May 10, 2016
News media across Japan, yesterday reported on the verdict of the case of the so called ‘vagina artist’, Megumi Igarashi.
Sculptor Igarashi (also known as Rokudenashi-ko / Good-for-nothing-girl), is perhaps most famous for sculpting/making a kayak based on a 3D scan of her vulva. The project was financed through crowdfunding, and those who made contributions were sent 3D-scans of said body part.
Public display of genitalia is a no-no in Japan, and on Monday, the Tokyo District Court found Igarashi guilty of obscenity and fined her 400,000 yen (according to Wikipedia, the kayak cost 3,000 yen). However, this isn’t about the kayak. This is about the distribution of those 3D scans. According to a report in The Mainichi, the Presiding Judge Mihoko Tanabe had this to say; "The data realistically reproduce the shape (of the genitalia) and stimulate the viewers' sexual desire." Well, now hang on! That ‘stimulation’ is surely a matter of personal opinion. What are you saying judge?!
Another matter at hand concerned the Dec., 2014 arrest of Igarashi on the suspicion that she was involved in the display of an obscene object publicly. In a Tokyo sex shop! The judge ruled that this was OK though because the vagina-shaped plaster art did not immediately suggest they are female genitals as they are decorated and painted with colors different from skin color. (The Mainichi). The fact that it was in a sex shop doesn’t seem to have come into it (no pun intended).
All this brings about the question of what is obscene? And what is ‘art’? Igarashi and her legal team tried to argue that her art is a form expression, and not something to get all sweaty about (our words, not theirs). Igarashi herself wrote a book entitled ‘What is Obscenity?’ so obviously has some credentials in having considered the issue.
For the time being though, the law is what it is, and public display of genitalia will get you in trouble, whatever the purpose.
However, something doesn’t sit well here. Back in Oct. 2015 we posted about kids reading manga and came across this quote in a The Guardian article; “Japan must ban sexually abusive images of children in manga comics, despite claims that such a move would threaten freedom of expression, the UN’s special envoy on child protection has said.” (The Guardian UK, Oct. 27, 2105)

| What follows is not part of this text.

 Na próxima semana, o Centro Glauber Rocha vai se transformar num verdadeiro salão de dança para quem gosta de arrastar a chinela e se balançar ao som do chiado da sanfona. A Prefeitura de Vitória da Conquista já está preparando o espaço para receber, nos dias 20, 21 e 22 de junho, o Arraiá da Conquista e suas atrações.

So, sexually abusive images of children OK, 3D vagina scans sent to recipients who presumably knew what they were getting into, not OK.
Are we mixing our issues here, or are Japan’s lawmakers themselves sending out mixed signals? Presumably one would argue that, filthy (to say the very least) that some of Japan’s manga is, it doesn’t look real enough, and you can’t see any of the naughty bits! The blunt sexual nuance is surely there though. Maybe it’s OK though, as a lot of those manga volumes come plastic wrapped!

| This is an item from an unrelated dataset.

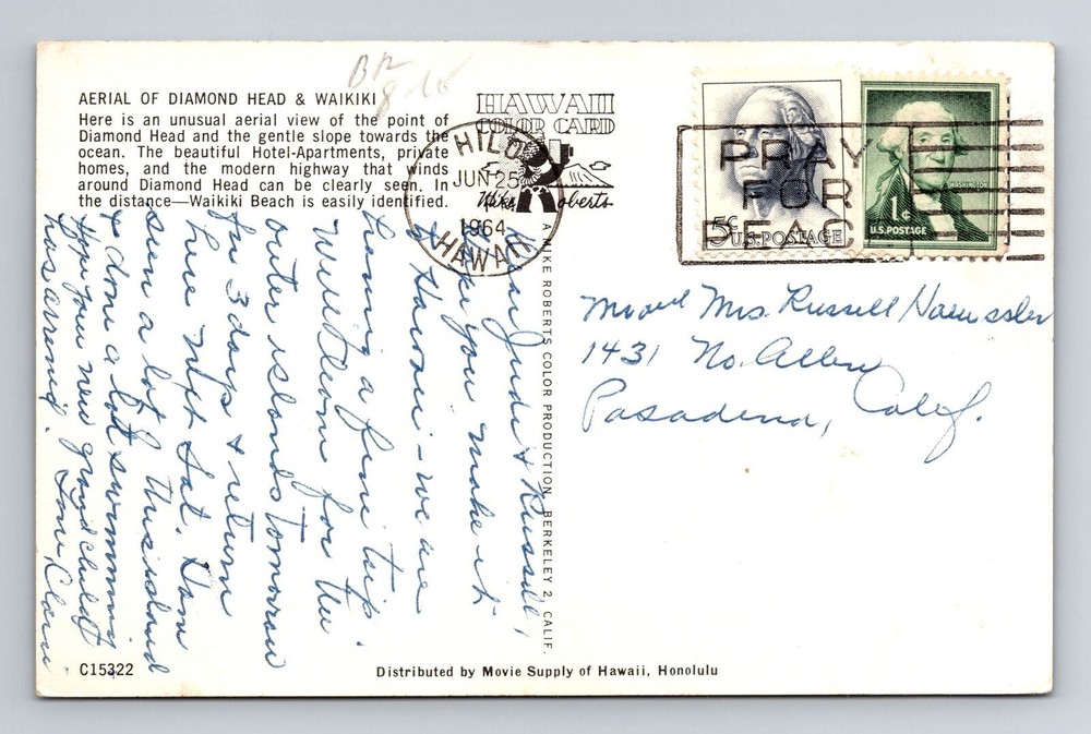 Aerial View of Diamond Head in Waikiki HI, Vintage 1964 Postcard

To be fair, going back to those scans, if some random dude fired off a few emails of his ‘bits’ and called it art, we’d all be calling him a sex pest!
Something that seems to be going under the radar here, are the judge’s comments that Igarashi’s scans “... stimulate the viewers' sexual desire.”. Such comments seem to be suggesting that this is a bad thing. Well, urban Japan must be a modern day Sodom and Gomorrah then. You only have to step out of your door to wade into an ocean of ‘sex sells’ marketing. Besides, of all the myriad of mad, depraved, questionable, bonkers, banal, and weird stimuli out there, a scan of an adult’s ‘bits’ would seem to be least of our concerns. Wouldn’t it?